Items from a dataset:
:::

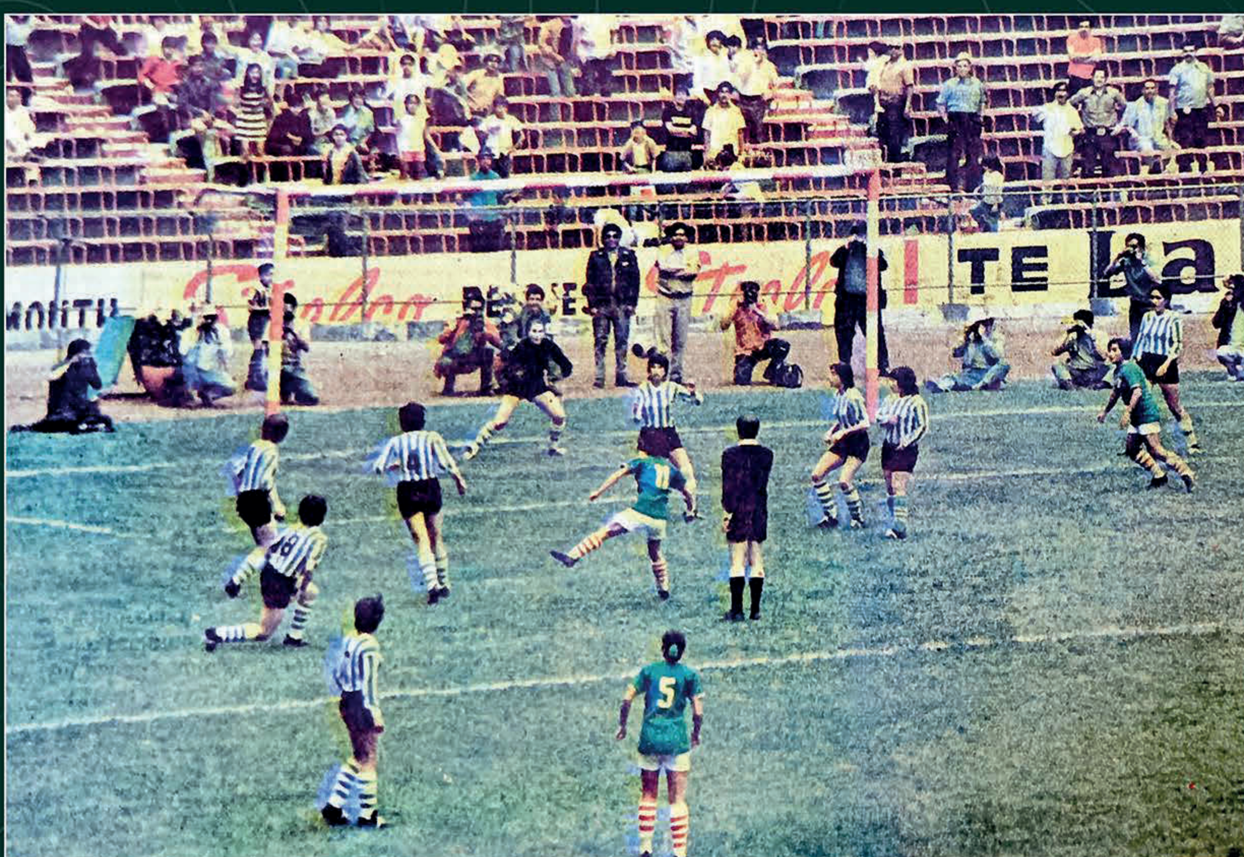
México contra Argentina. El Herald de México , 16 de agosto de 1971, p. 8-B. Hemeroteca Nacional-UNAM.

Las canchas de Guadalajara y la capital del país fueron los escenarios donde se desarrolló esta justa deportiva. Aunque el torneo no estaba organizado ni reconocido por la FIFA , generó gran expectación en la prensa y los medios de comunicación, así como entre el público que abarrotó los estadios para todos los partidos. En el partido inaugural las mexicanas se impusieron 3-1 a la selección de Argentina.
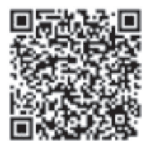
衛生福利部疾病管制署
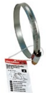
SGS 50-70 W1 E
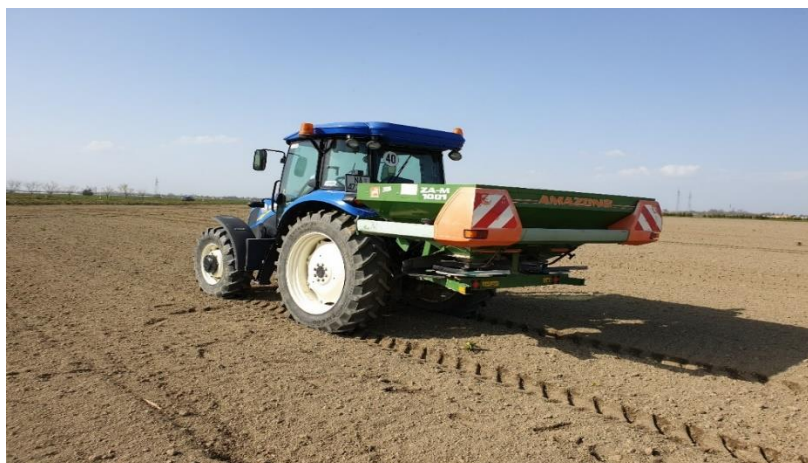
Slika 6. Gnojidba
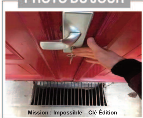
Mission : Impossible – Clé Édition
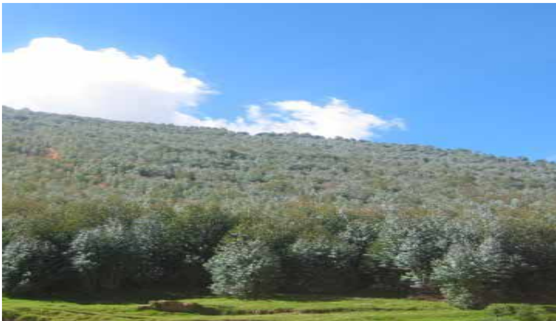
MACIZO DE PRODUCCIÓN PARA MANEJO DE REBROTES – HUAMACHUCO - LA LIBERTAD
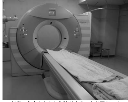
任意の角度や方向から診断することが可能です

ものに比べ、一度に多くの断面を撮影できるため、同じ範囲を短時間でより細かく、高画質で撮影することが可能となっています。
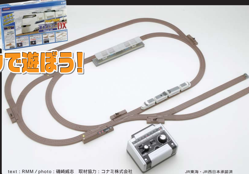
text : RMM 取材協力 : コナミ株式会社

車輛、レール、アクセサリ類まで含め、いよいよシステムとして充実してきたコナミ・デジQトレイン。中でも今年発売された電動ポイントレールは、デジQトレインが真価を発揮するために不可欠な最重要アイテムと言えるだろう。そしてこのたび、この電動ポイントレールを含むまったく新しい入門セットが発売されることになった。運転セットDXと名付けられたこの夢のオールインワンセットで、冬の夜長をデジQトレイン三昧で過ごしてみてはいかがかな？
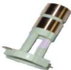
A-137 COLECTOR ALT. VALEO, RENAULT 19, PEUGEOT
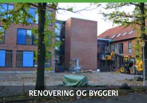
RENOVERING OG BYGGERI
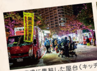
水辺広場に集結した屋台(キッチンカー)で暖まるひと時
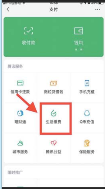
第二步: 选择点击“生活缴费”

:::

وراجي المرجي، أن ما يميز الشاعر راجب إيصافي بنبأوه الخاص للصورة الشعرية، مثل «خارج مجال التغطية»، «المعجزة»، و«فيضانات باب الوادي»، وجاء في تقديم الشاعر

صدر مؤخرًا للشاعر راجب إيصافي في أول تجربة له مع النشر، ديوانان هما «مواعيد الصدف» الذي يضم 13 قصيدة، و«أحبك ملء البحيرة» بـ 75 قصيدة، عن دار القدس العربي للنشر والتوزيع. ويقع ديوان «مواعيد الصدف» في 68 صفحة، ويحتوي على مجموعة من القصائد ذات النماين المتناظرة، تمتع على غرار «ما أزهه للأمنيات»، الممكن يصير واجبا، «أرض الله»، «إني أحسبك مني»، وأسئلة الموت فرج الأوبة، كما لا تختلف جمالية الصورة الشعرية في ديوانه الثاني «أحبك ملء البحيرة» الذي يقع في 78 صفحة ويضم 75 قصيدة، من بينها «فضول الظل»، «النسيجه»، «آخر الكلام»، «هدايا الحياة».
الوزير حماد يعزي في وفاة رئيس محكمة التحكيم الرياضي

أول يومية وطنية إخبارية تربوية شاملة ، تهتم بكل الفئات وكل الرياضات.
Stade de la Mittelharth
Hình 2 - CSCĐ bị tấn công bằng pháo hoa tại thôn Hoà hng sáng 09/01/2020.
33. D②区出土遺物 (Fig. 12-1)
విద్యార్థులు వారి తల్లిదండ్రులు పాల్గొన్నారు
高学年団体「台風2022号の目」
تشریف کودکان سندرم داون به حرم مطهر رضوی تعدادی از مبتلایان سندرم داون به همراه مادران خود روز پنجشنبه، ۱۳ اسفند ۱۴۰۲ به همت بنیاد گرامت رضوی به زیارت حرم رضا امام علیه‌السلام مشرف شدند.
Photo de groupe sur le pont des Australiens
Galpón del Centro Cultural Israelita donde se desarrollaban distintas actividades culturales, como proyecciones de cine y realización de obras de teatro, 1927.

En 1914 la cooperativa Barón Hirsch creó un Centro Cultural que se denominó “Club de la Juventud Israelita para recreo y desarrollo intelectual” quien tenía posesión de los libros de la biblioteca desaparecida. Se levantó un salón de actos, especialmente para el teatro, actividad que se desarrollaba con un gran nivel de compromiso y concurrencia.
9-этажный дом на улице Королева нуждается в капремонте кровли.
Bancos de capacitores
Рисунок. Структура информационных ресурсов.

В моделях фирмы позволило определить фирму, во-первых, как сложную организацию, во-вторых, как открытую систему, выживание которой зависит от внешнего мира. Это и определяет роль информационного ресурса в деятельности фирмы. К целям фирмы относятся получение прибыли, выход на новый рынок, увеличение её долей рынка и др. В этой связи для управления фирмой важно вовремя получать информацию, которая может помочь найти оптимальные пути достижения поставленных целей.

:::

§ **The problem**:
Look above for the line containing "Stade de la Mittelharth". Output from there through the line containing "В моделях фирмы", exactly and inclusively.

§ **Reply**:
Stade de la Mittelharth
Hình 2 - CSCĐ bị tấn công bằng pháo hoa tại thôn Hoà hng sáng 09/01/2020.
33. D②区出土遺物 (Fig. 12-1)
విద్యార్థులు వారి తల్లిదండ్రులు పాల్గొన్నారు
高学年団体「台風2022号の目」
تشریف کودکان سندرم داون به حرم مطهر رضوی تعدادی از مبتلایان سندرم داون به همراه مادران خود روز پنجشنبه، ۱۳ اسفند ۱۴۰۲ به همت بنیاد گرامت رضوی به زیارت حرم رضا امام علیه‌السلام مشرف شدند.
Photo de groupe sur le pont des Australiens
Galpón del Centro Cultural Israelita donde se desarrollaban distintas actividades culturales, como proyecciones de cine y realización de obras de teatro, 1927.

En 1914 la cooperativa Barón Hirsch creó un Centro Cultural que se denominó “Club de la Juventud Israelita para recreo y desarrollo intelectual” quien tenía posesión de los libros de la biblioteca desaparecida. Se levantó un salón de actos, especialmente para el teatro, actividad que se desarrollaba con un gran nivel de compromiso y concurrencia.
9-этажный дом на улице Королева нуждается в капремонте кровли.
Bancos de capacitores
Рисунок. Структура информационных ресурсов.

В моделях фирмы позволило определить фирму, во-первых, как сложную организацию, во-вторых, как открытую систему, выживание которой зависит от внешнего мира. Это и определяет роль информационного ресурса в деятельности фирмы. К целям фирмы относятся получение прибыли, выход на новый рынок, увеличение её долей рынка и др. В этой связи для управления фирмой важно вовремя получать информацию, которая может помочь найти оптимальные пути достижения поставленных целей.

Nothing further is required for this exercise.